The last temptation seems to be the most subtle, but – at face value – the easiest to resist. Satan seems to think he is in charge of all the nations and realms of the world and offers them to Jesus if only Jesus would bow the knee and worship him. At one level this is easy to resist, but on another it’s deadly. Imagine what you’d do with all that power. No more shilly shallying around with Ghadifi and his antics –you’d have the power, he’d go straight to the Hague for trial. No more hoping the world would finally agree to limit greenhouse emissions – you’d have the power, you’d sort it out. No more unjust regimes, no more human rights abuses, all that power. Tolkien offers a similar picture in his Lord of the Rings Trilogy where the young ring bearer, Frodo, offers the ring of power he is carrying so that he can eventually destroy it in Mount Doom, to the efl queen Galdadriel. She realises what power she could have with the ring but also, in the nick of time, realises too how that power would change her.
Lord Acton famously said of the Roman Catholic Church that “all power corrupts, absolute power corrupts absolutely”. The history of the Church shows that when it gets too close to the state or when it exercises secular authority things go tragically wrong. Had Jesus bowed the knee to Satan then he could have done no good as the basis of his power would have been faulty.

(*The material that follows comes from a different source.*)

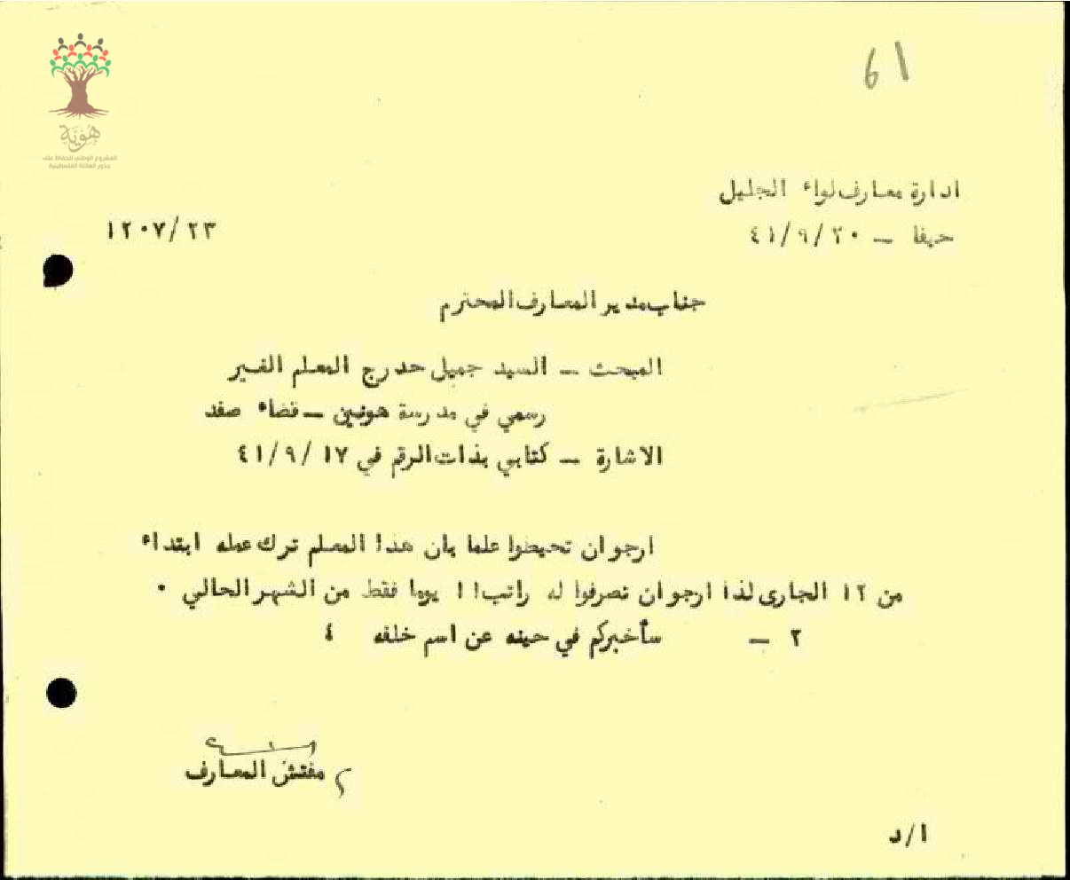 رساله من مفتش معارف الى ادارة معارف الجليل بخصوص المعلم جميل حدرج بانه قد ترك عمله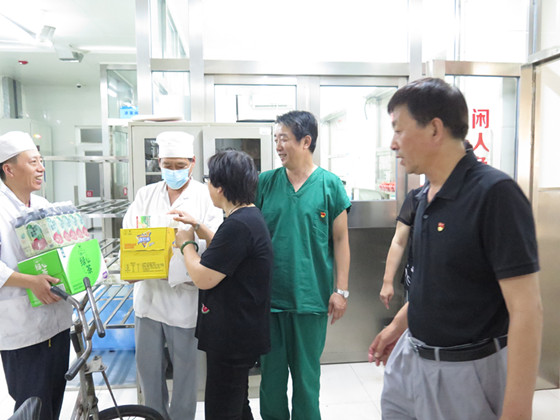 7月16日上午,党委副书记李艳红、工会主席王丽娟、工会副主席王才跃以及院长助理赵泽钢、分会主席张志强等同志,先后到锅炉房、水暖组、维修组等7个高温岗进行了慰问,对在高温环境下依然坚守在工作岗位的职工们表达了亲切的问候,并将酸梅汤等防暑降温饮料送到他们手中。夏送清凉,关爱相伴,每到一个高温岗位,职工接到院领导送来的慰问物品时都纷纷表示感谢,并保证一定会克服酷暑高温,坚守岗位,尽职尽责,完成好各项保障工作,确保医院在高温酷暑天气下有序运行。

We face different temptations every day of our life; temptations to give in to what we think we’d like but what we know isn’t good for us, temptation to do things our way instead of God’s, temptations to misuse power for our own aims. Through Lent we seek to get to know ourselves better and through the traditional disciplines of prayer, giving and self-denial, we hope we get better at resisting temptation. Amen.